Experimental Implementation of a Codeword Stabilized Quantum Code
Jingfu Zhang, Markus Grassl, Bei Zeng, Raymond Laflamme

TL;DR
This paper reports the experimental implementation of a five-qubit codeword stabilized quantum error correction code using NMR, demonstrating robustness against errors and showcasing complex quantum control in spin qubits.
Contribution
It presents the first experimental realization of a nonadditive quantum code that encodes a larger space than stabilizer codes with similar length.
Findings
Quantum coherence remains robust against introduced errors.
Successful implementation of a nonadditive quantum error correction code.

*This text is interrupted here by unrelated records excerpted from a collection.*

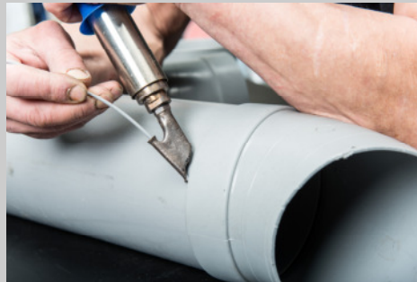
Hot gas welding
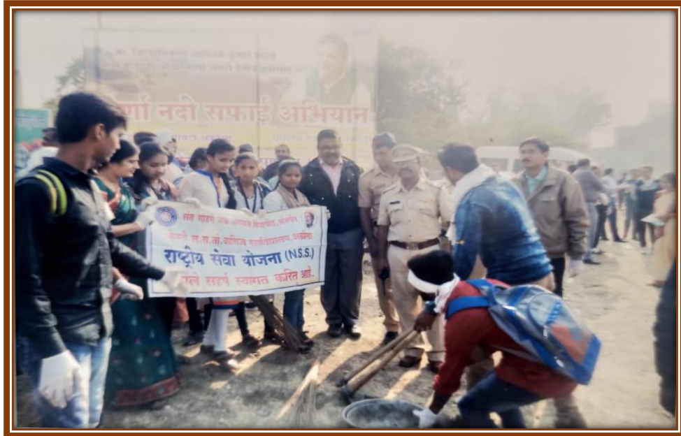
NSS Volunteers participated in 'MORNA NADI SAFAI ABHIYAN' AKOLA
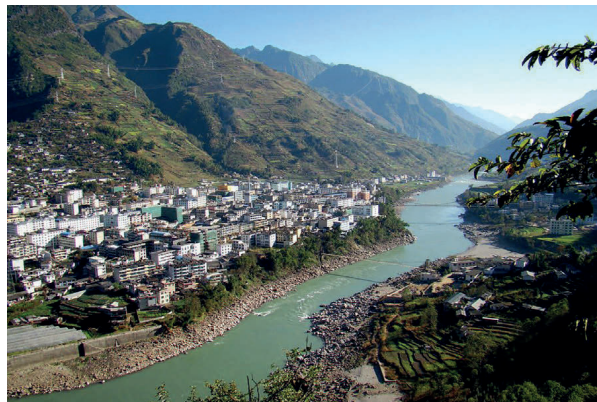
Many of the areas in China where East Gates serves, like Yunnan province, has a natural beauty and spiritual message that gives even greater meaning to scripture (Proverbs 21:1).

F or the continual Godly perspective and wisdom you give our East Gates staff and the divine harmony in which we all work together. When we asked our China Project Director what he felt 2019 would bring for the believers and churches in China? His answer was: “My point of view is clear. There will be a lot of difficulties but a promising future. It’s like the Mississippi River that originates from the Rocky Mountains yet finally flows into the Gulf of Mexico. Mountains can never block the waters that ultimately flow into rivers and into the sea!”
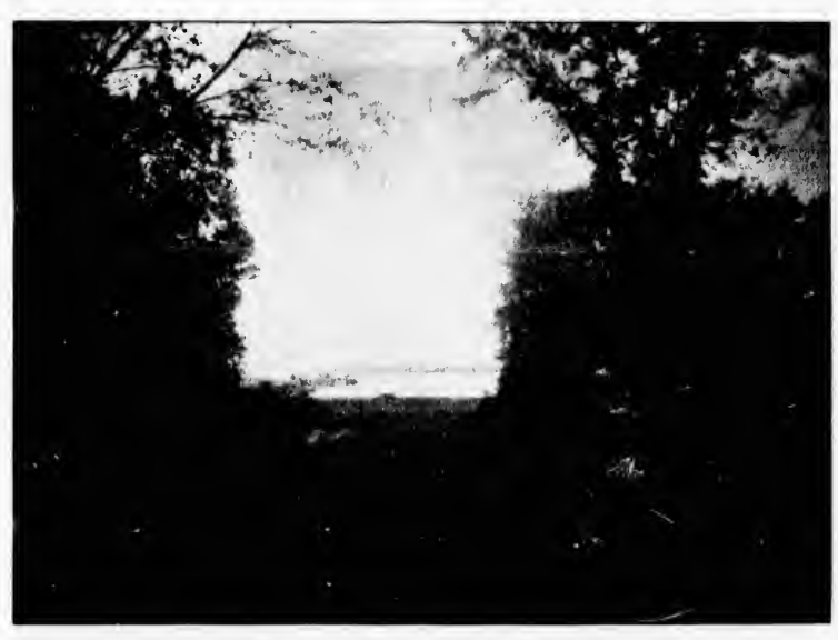
VIEW OF THE OTTAWA FROM THE TOMB.

ı Canada, rousie, the was called hole eivil taking to two years : accounts iture over l that the uself and voted en ng the life ition Papd, holding voted in diture ac-
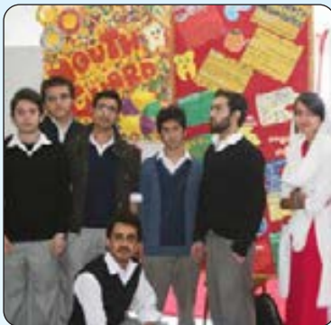
The Prize Winners, 1st Year BDS

One should never miss out on the poster presentations at Gandhara, always artistic and hugely informative
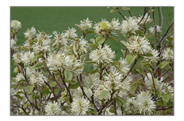
Dwarf Fothergilla flowers

This shrub does best in full sun to partial shade. It requires an evenly moist well-drained soil for optimal growth, but will die in standing water. It is not particular as to soil type, but has a definite preference for acidic soils, and is subject to chlorosis (yellowing) of the foliage in alkaline soils. It is somewhat tolerant of urban pollution. This species is native to parts of North America.
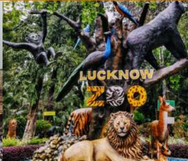
Nawab Wajid Ali Shah Zoological Garden
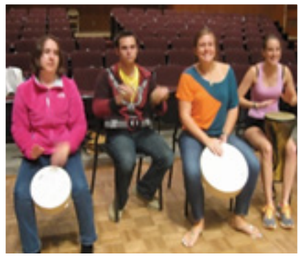
Members of the University of Evansville Music Therapy Association (UEMTA) led two Drum Circles this semester, one of which was to welcome students and family members to campus for Family Weekend.
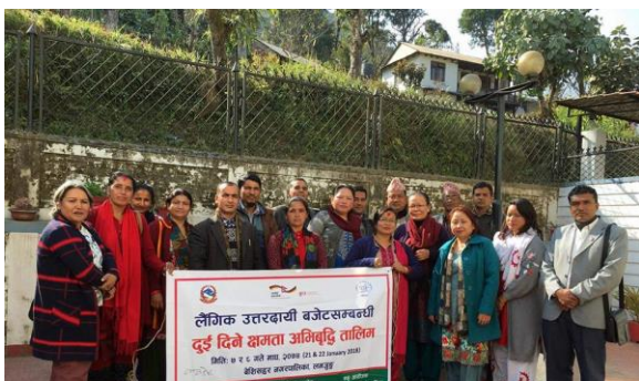
WHR organized Capacity building workshop on "Gender Responsive Budget" at Lamihung

Demonstrates complex quantum circuit control in spin qubits.
Abstract
A five-qubit codeword stabilized quantum code is implemented in a seven-qubit system using nuclear magnetic resonance (NMR). Our experiment implements a good nonadditive quantum code which encodes a larger Hilbert space than any stabilizer code with the same length and capable of correcting the same kind of errors. The experimentally measured quantum coherence is shown to be robust against artificially introduced errors, benchmarking the success in implementing the quantum error correction code. Given the typical decoherence time of the system, our experiment illustrates the ability of coherent control to implement complex quantum circuits for demonstrating interesting results in spin qubits for quantum computing.